Air travel – Aug 23

August 23, 2007

Click on the headline (link) for the full text.

Many more articles are available through the Energy Bulletin homepage


WHO predicts more global epidemics

David Batty and agencies, Guardian
A new killer disease on a par with HIV/Aids or ebola is likely to emerge in the next few years and threaten the lives of millions of people worldwide, the World Health Organisation (WHO) said today.

Potentially deadly new diseases are being identified at an “unprecedented rate”, with global epidemics spreading more rapidly than ever, the United Nations agency warned in its annual world health report.

At least one new disease has been identified every year since the 1970s. Today, there are 39 that were unknown just over a generation ago.

…The agency said infectious diseases were spreading faster due to global travel, with more than 1,100 epidemics verified in the last five years, including bird flu, cholera and polio.

With more than 2 billion people travelling by air every year, the WHO said “an outbreak or epidemic in one part of the world is only a few hours away from becoming an imminent threat somewhere else”.

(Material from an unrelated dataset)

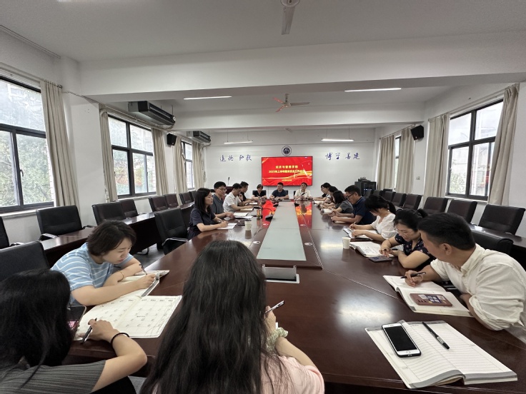 本网讯 6月20日下午,经济与管理学院在建树楼404会议室召开2025年上半年期末安全工作会议。学院领导班子成员、教学办、科研办、实验中心负责人及全体辅导员参加会议,会议由学院党委书记陈国中主持。

“Infectious diseases are now spreading geographically much faster than at any time in history.”
(23 August 2007)
Another reason to cut down air travel, in addition to global warming. Invasive organisms are also easily spread by air transport. -BA


Does Flying Harm the Planet?

Bryan Walsh, TIME Magazine
Given the rage that air travel can provoke in even the most tranquil among us these days, it may be surprising that riot police aren’t a more regular feature at airports. But Sunday’s pitched battle between roughly 500 environmental activists and a phalanx of baton-wielding police at London’s Heathrow airport wasn’t about long lines, delays, lost luggage or missed connections. Instead, the protesters – who had demonstrated outside Heathrow all of last week – were trying to draw travelers’ attention to the impact on climate change of the carbon gases emitted by the aircraft in which they fly. A placard from one activist at Heathrow expressed it thus: “You Fly, They Die.”

Airplanes operate on petroleum fuel, which means they release large amounts of carbon dioxide when they fly. Commercial air travel is currently responsible for a relatively tiny part of the global carbon footprint -just 3.5% of total greenhouse gas emissions, according to the Intergovernmental Panel on Climate Change. But the unique chemistry of high-altitude jet emissions may produce an additional warming effect, while the explosive growth in air travel makes it one of the fastest-growing sources of carbon gases in the atmosphere. And unlike energy or automobiles, where carbon-free or lower-carbon alternatives already exist, even if they have yet to be widely adopted, there is no low-carbon way to fly, and there likely won’t be for decades.

“It’s not so much where we are now, but where we’ll be in 30 years’ time,” says Peter Lockley, head of policy development at the Aviation Environment Federation in London. “We need to bring global carbon emissions down rapidly, but this sector is just going to grow.”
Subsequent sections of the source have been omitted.